Gli dèi in persona avevano rivendicato la loro autorità divina e i loro
auspici: non appena essi erano stati toccati da chi era privo del diritto
umano e divino di farlo, esercito e generale erano stati sbaragliati come
monito a che in futuro non si tenessero più elezioni in violazione dei
diritti delle genti patrizie. Curia e foro rimbombavano al suono di queste
parole. Appio Claudio, il quale si era opposto al passaggio della legge,
godeva adesso di maggiore autorità perché denunciava i risultati di una
politica che aveva attaccato in precedenza. Con il consenso dei patrizi,
il console Servilio lo nominò di conseguenza dittatore, bandendo poi una
leva militare e proclamando la sospensione dell'attività giudiziaria.
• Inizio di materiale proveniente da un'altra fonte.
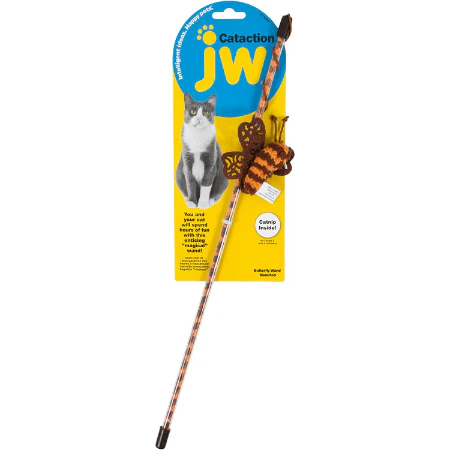 El Juguete Varita con Mariposa para Gatos Petmate es un juguete interactivo para gatos que consiste en una varita de plástico con una mariposa de tela en el extremo. La mariposa se mueve de manera impredecible, lo que atrae la atención de los gatos y los incita a jugar y cazar.

7 Prima che il dittatore e le nuove legioni arruolate arrivassero
nel territorio degli Ernici, il luogotenente Gaio Sulpicio, approfittando
di un'occasione favorevole, aveva ottenuto brillanti risultati nella
campagna. Gli Ernici, resi tracotanti dalla morte del console, si
avvicinavano all'accampamento romano convinti di poterlo espugnare. Ma le
esortazioni del luogotenente e gli animi dei soldati pieni di rabbia e di
vergogna resero possibile una sortita. E gli Ernici, che avevano sperato
di avvicinarsi alla trincea, dovettero invece ritirarsi nello scompiglio
generale. Poi, con l'arrivo del dittatore, il nuovo esercito venne ad
aggiungersi a quello vecchio e il numero degli effettivi raddoppiò. Il
dittatore, parlando alle truppe in adunata, elogiò il luogotenente e i
soldati il cui valore era stato un sicuro baluardo per l'accampamento.
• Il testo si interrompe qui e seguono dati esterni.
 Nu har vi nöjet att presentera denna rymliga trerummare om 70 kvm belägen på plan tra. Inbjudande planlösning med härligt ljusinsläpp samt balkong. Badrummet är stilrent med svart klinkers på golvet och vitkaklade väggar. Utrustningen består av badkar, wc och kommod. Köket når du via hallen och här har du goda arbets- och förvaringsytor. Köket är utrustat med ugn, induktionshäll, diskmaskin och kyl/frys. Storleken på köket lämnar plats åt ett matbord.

Così Appio riuscì nello stesso tempo a risollevare quanti si sentivano
rivolgere quei meritati elogi, e a stimolare i nuovi arrivati a emularne
l'eroismo. I nemici, da parte loro, si preparavano alla guerra con non
minore scrupolo: memori com'erano della gloria conquistata in precedenza,
ma consapevoli del fatto che le truppe nemiche erano state rinforzate,
aumentarono anche i propri contingenti. Tutte le genti erniche, tutti
coloro che erano in età militare vennero convocati e furono così arruolate
otto coorti, ciascuna delle quali formata da 400 uomini selezionati.
Colmarono di speranze e di vigore queste truppe scelte decretando che
fosse loro concesso il doppio dello stipendio. I soldati erano addirittura
esentati dai lavori di natura militare in modo che, essendo destinati al
solo sforzo della battaglia, fossero consapevoli di dover chiedere a se
stessi un impegno superiore a quello di un uomo comune. Come ultimo
privilegio venne loro assegnato un posto al di fuori dello schieramento,
in maniera tale che il loro valore fosse ancora più in evidenza.
Gli accampamenti di Romani ed Ernici erano separati da una pianura
lunga due miglia. La battaglia fu combattuta in mezzo a quella pianura, in
un punto più o meno equidistante dai due accampamenti. Sulle prime l'esito
della battaglia rimase incerto e a poco valsero i ripetuti tentativi fatti
dalla cavalleria romana di rompere la linea nemica. Quando i cavalieri si
resero conto che la battaglia equestre, nonostante i loro sforzi, non dava
risultati, consultarono prima il dittatore e poi, ricevuta da lui
l'autorizzazione, lasciarono i cavalli e si buttarono con grande clamore
al di là delle insegne, portando nuovo slancio alla battaglia. Il loro
attacco sarebbe risultato incontenibile, se non si gli si fossero parate
innanzi le coorti speciali che li affrontarono con uguale coraggio e forza
fisica.
8 In quel momento le sorti della battaglia erano affidate agli
uomini più valenti dei due popoli. E qualunque fosse stata l'entità delle
perdite inflitte dai casi della guerra all'una e all'altra parte, il danno
avrebbe sicuramente superato di gran lunga il loro numero effettivo. La
massa dei soldati semplici, come se avessero delegato a loro campioni il
cómpito di combattere, affidavano il proprio destino al valore di altri.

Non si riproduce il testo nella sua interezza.